The presence of malaria parasitaemia at follow-up and young age were the only factors independently associated with follow-up haemoglobin. Nutritional status (determined by mid-upper arm circumference (MUAC) and weight), mean corpuscular volume (MCV) and review interval did not have a significant influence on the follow-up haemoglobin.

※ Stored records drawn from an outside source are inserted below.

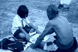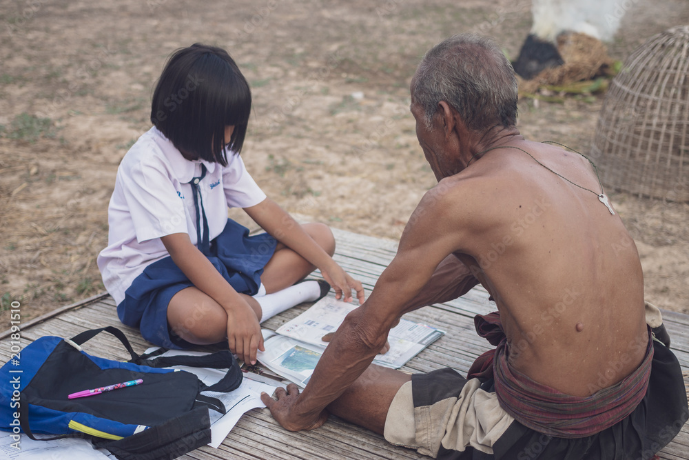 Grandfather and granddaughter at countryside.Living in rural Asia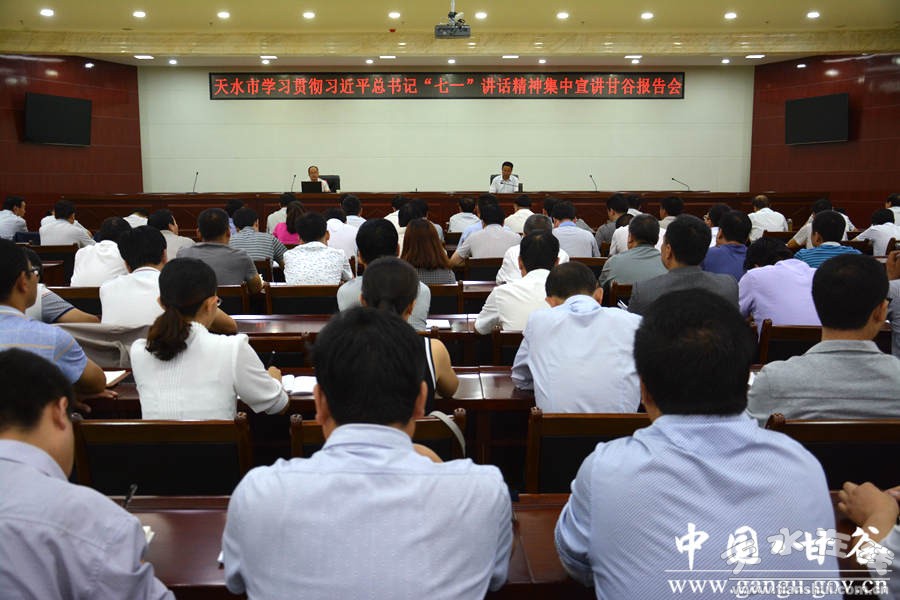 9月1日,天水市委講師團(tuán)團(tuán)長郭黎平帶領(lǐng)宣講團(tuán)深入甘谷宣講習(xí)近平總書記“七一”重要講話精神。縣四大組織在家領(lǐng)導(dǎo),各鄉(xiāng)鎮(zhèn)、各部門、各單位科級以上領(lǐng)導(dǎo)干部共計320多人在主會場聆聽了輔導(dǎo)報告?h委常委、宣傳部長張慶元主持報告會。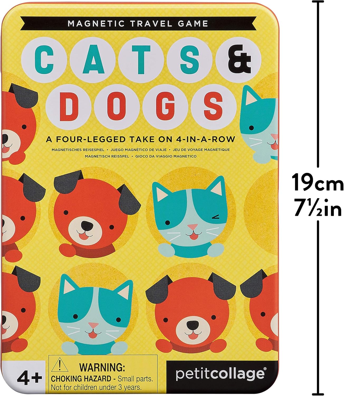 It's cats vs dogs in this four legged take on four in a row! Try to get four of your animal friend in a row to win in this Cats & Dogs Magnetic Travel Game from Petit Collage.
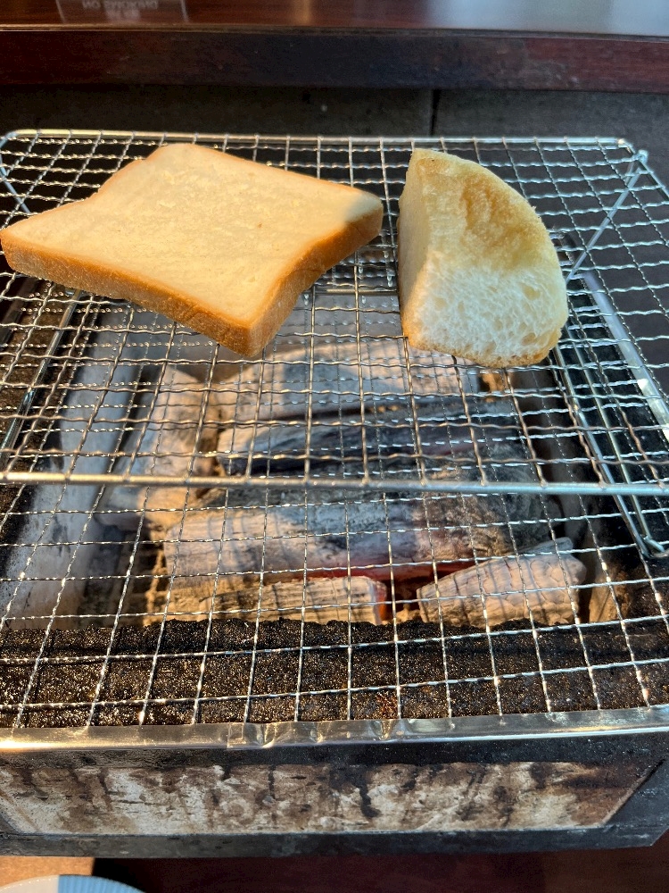 パンは自分で炭火でじっくり焼いて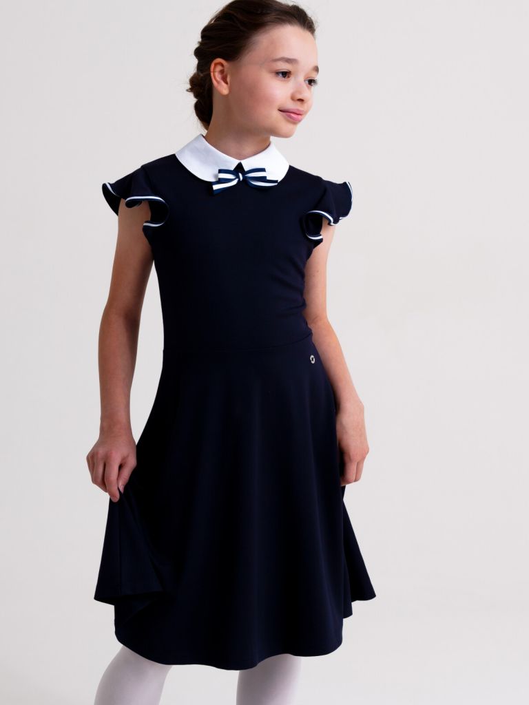 Классическое темно-синее школьное платье из трикотажа для девочки подростка от PlayToday — элегантная и удобная модель, созданная для школы. Свободный крой, мягкий материал и съёмный воротник делают это универсальное детское платье идеальным решением для учебных будней и особых школьных событий.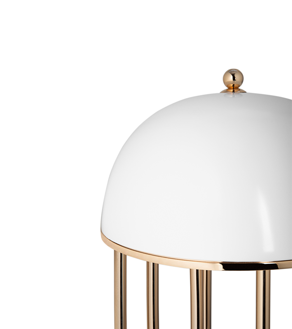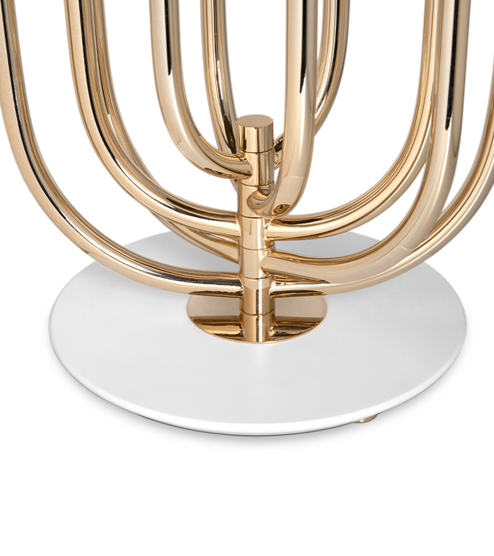 Turner art deco table lamp was inspired by the electrifying and memorable dance moves of the iconic pop singer. Turner by DelightFULL is a large table lamp handmade in brass and aluminum. The body has a gold plated finish, while the shade was lacquered a black matte on the outside and a gold powder paint on the inside, so as not to create an uncomfortable glaze for the user. Its five movable arcs can be rotated into the desired position, which gives this black table lamp a sense of fun, and allows you to create the best composition to fit your modern home decor. A versatile piece, that can be used in almost any room of your house, this brass desk lamp looks its best when placed in a modern home office or art deco inspired living room.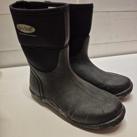 Dock Boot allværsstøvler er laget i neopren (CR skum), et vanntett materiale som brukes blant annet i dykkerdrakter. Støvelen er isolerende med 5mm tykk neopren, som sørger for komfort fra -15°C til +15°C, og den kan dermed brukes hele året. Yttersålen er av ekte gummi, og vil være bøyelig også i sterk kulde. Enkel å ta av og på. Med forsterkning på hæl og tå, 6 mm EVA innersåle og syre- og oljebestandig yttersåle. Alle Dock Boots er testet med trykkluft under vann for kontroll av tetthet. Annbefaler tynne ullsokker i plussgrader og tykke ved kulde, siden neopren ikke opptar fuktighet (for svette eller kondens).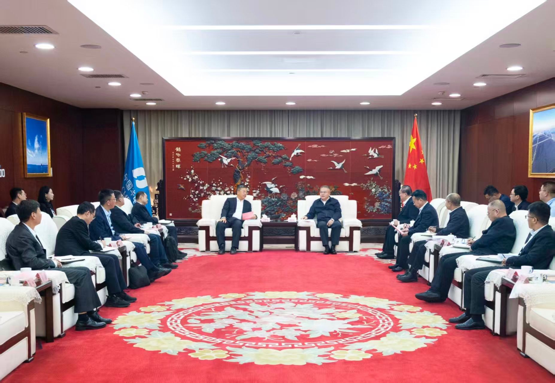 • 10月31日,中國華能集團有限公司董事長、黨組書記溫樞剛在集團公司總部會見國家開發(fā)銀行黨委副書記、行長譚炯。集團公司總會計師、黨組成員李櫻,國家開發(fā)銀行黨委委員、副行長謝泰峰參加會見。 溫樞剛對譚炯一行的到來表示歡迎,對國家開發(fā)銀行多年來給予中國華能的支持表示感謝,并介紹了公司經(jīng)營發(fā)展、業(yè)務(wù)布局等有關(guān)情況。他表示,中國華能與國家開發(fā)銀行有著良好合作基礎(chǔ),希望雙方進一步鞏固和拓展合作空間,加強多領(lǐng)域、各層級交流溝通,進一步深化在創(chuàng)新性業(yè)務(wù)、國際業(yè)務(wù)等領(lǐng)域的合作,加強“十五五”規(guī)劃對接
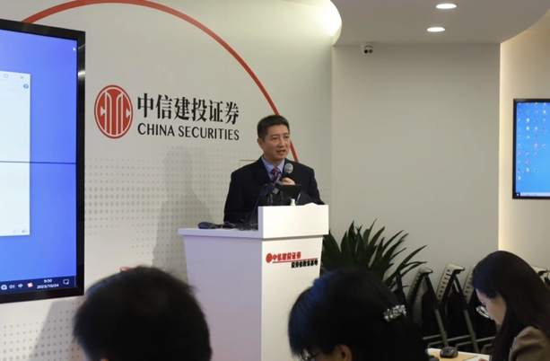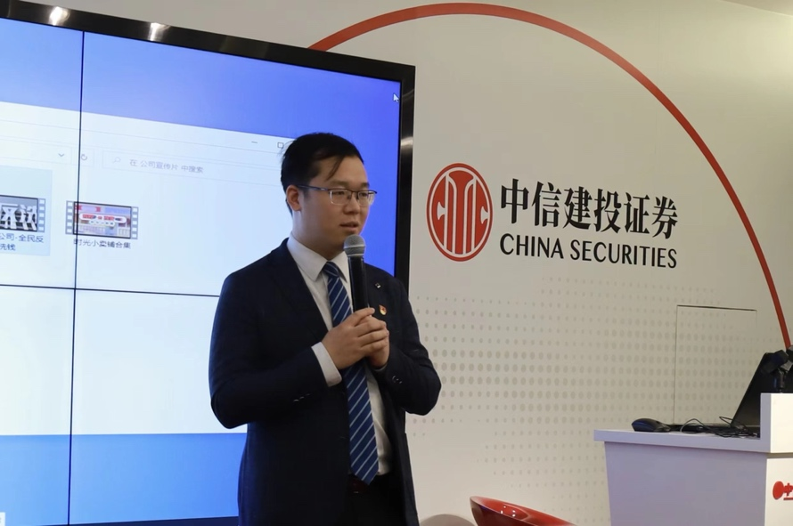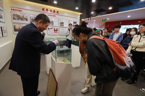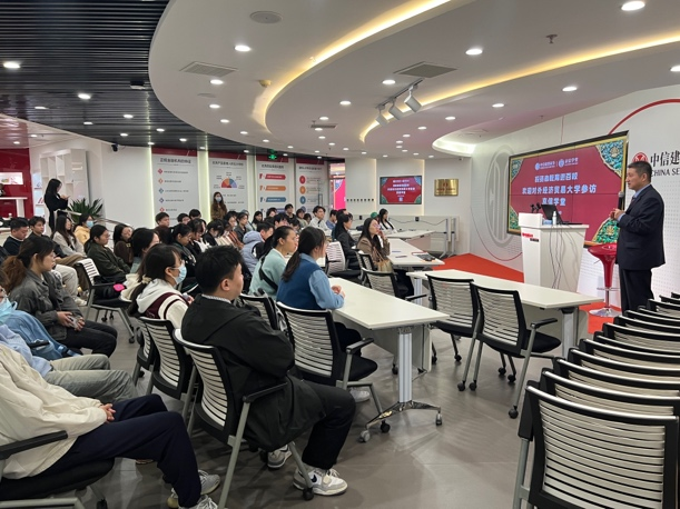 京信学堂李强向来访师生介绍了投资者教育工作的意义和中信建投证券投教基地的相关情况,并通过播放宣传片展示中信建投证券的发展历程和证券公司业务。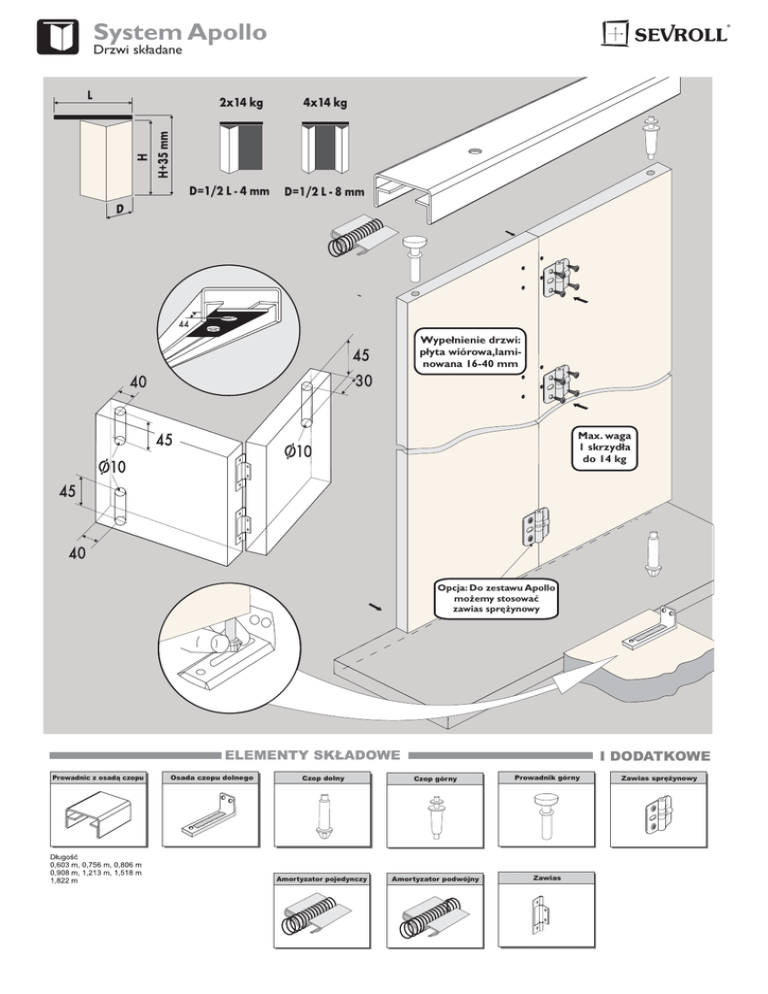 System Apollo Drzwi składane Wypełnienie drzwi: płyta wiórowa,laminowana 16-40 mm Max. waga 1 skrzydła do 14 kg Opcja: Do zestawu Apollo możemy stosować zawias sprężynowy I DODATKOWE Prowadnic z osadą czopu Osada czopu dolnego Czop dolny Czop górny Prowadnik górny Amortyzator pojedynczy Amortyzator podwójny Zawias Zawias sprężynowy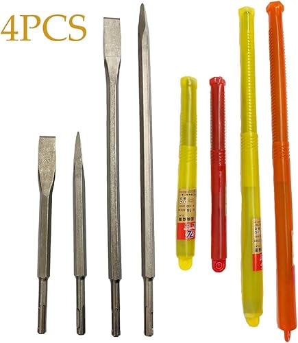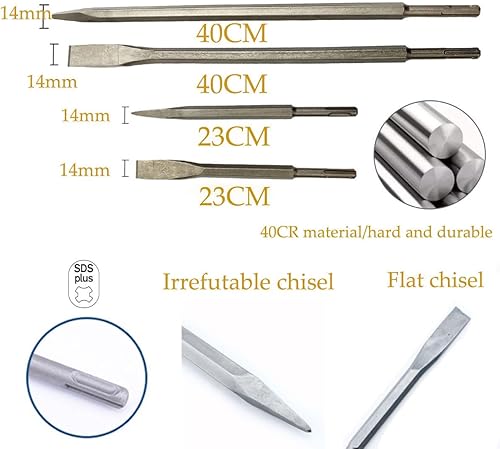 SDS-plus Meißel Set 4tlg,400mm/230mm lang Flachmeißel und Spitzmeißel,Professional Meißel, Meißel für elektrische Bohrmaschinen und Spitzhacken zum Aufbrechen von Mauern und Gebäuden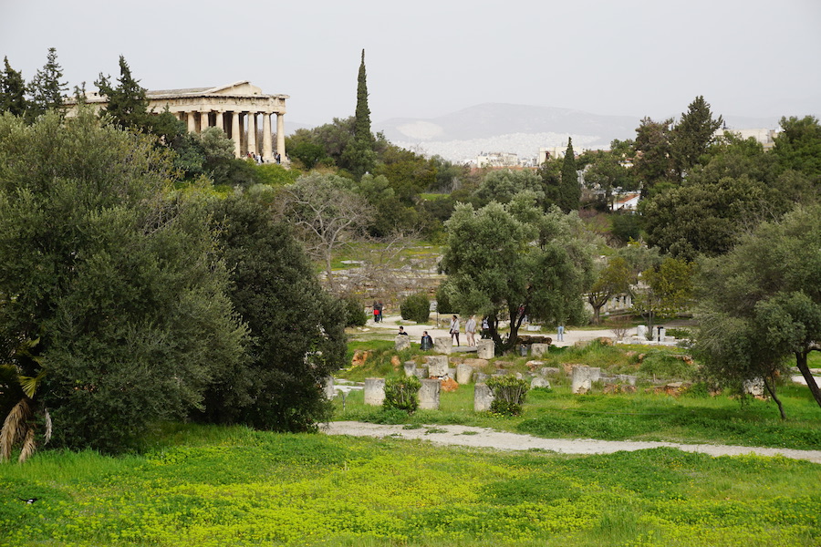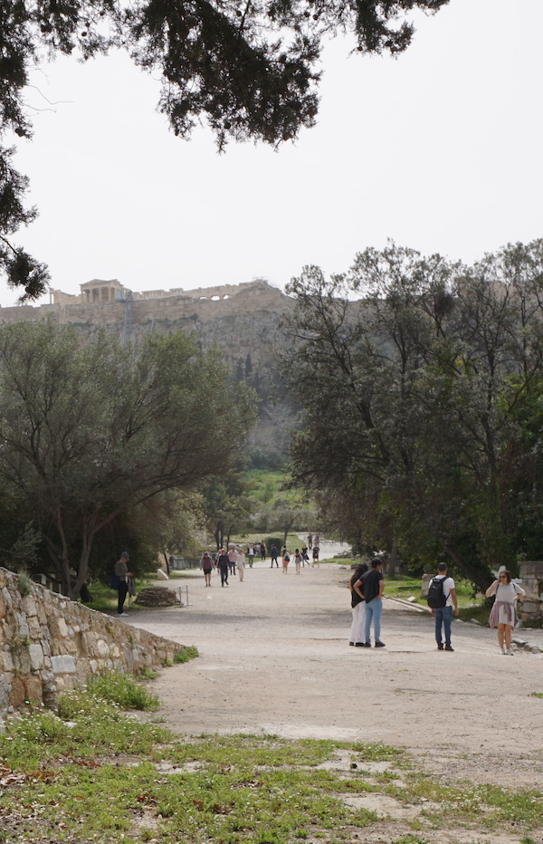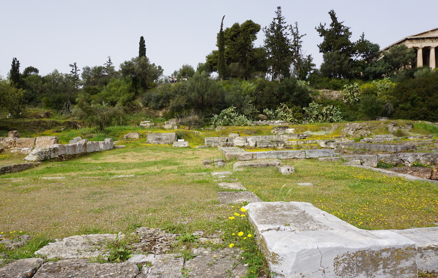 For rhetoricians, the ancient Greek agora is basically our Mecca–it’s where it all went down. Gorgias’s “Encomium of Helen” was declaimed here; Socrates’s trial took place at the bouleuterion; Plato and Isocrates and Aristotle all recruited students for their schools while perambulating the shady stoa or public arcades; the ekklesia voted here; oracles were interpreted in public here, and so on and so on.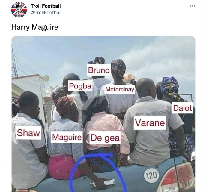 Tapi masih ada pula meme yang mengejek Maguire. Di sini digambarkan dia akan membuka pintu bak mobil dan akan membuat para rekannya celaka, menggambarkan rentannya pertahanan MU dengan dia menjadi titik lemah. Foto: Twitter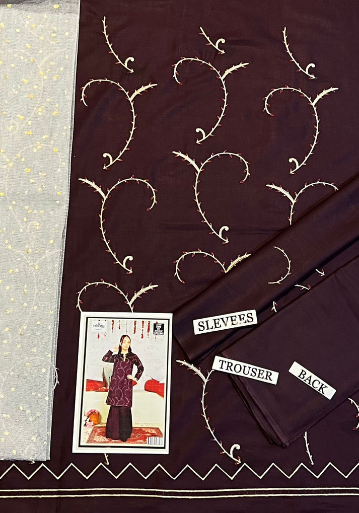 Embroidered Lawn Shirt 2.25 Yards With Embroidered Patches

Presence of malaria parasitaemia was found to be the most significant determinant of haemoglobin recovery in patients following admission with severe malaria (Figure 2). For those with parasitaemia, mean haemoglobin was 8.8 g/dL (SD: 1.5) compared to a mean of 10.5 g/dL (SD: 1.3) in aparasitaemic children; P < 0.001. This was not influenced by mean haemoglobin at admission or discharge, age, sex, review interval, MCV and MUAC as they were not significantly different in the two groups. Of the patients with parasitaemia at follow-up, 15/35 (43%) were transfused while 20/35(57%) were not transfused (P = 0.48). The odds ratio of a low haemoglobin (Hb <9.3 g/dL) in cases with parasitaemia compared to no malaria was 4.00 (1.61–8.42) (p = 0.002) and this remained significant even after controlling for age, treatment received, MUAC, MCV and sex (p = 0.001). Anti-malarial treatment used at discharge had a significant influence on the follow-up mean haemoglobin. Of the 158 patents included, 27/158 (17%) had sulfadoxine-pyrimethamine(SP)-amodiaquine combination while 131/158 (83%) had SP alone. Children who had a combination therapy with SP-amodiaquine had significantly higher mean haemoglobin (10.9 g/dL SD 1.4) at the time of follow-up compared to those who had SP alone (9.9 g/dL SD1.5) (p = 0.005).

Age <24 months was found to be a significant determinant of haemoglobin at admission (p < 0.001), discharge (p = 0.008), and at follow-up (p = 0.01). Younger children (age <24 months) had a lower Hb at admission (F = 15; p < 0.001), discharge (F = 5; p = 0.008) and at review (F = 4; p = 0.03). Children under 24 months old accounted for 31/61 (51%) of all transfusions; 14 given for SSMA and 17 delayed transfusions.

Medium term survival was ascertained in the 166/213 (78%) patients who returned to follow-up, and the demographic surveillance was used to trace survival in those who failed to attend follow-up review. Of the 47 non-attendees 32 (68%) came from within the study area, of whom we could confirm longer term survival on 30. Twenty one were reported to be still alive and living in the census area, 9/32 were still alive when they migrated out of the study area and two were not traceable. This increases the overall medium term survival to 196 (92%) children with severe and life threatening malaria who were managed conservatively with respect to blood transfusion in accordance with WHO transfusion guidelines.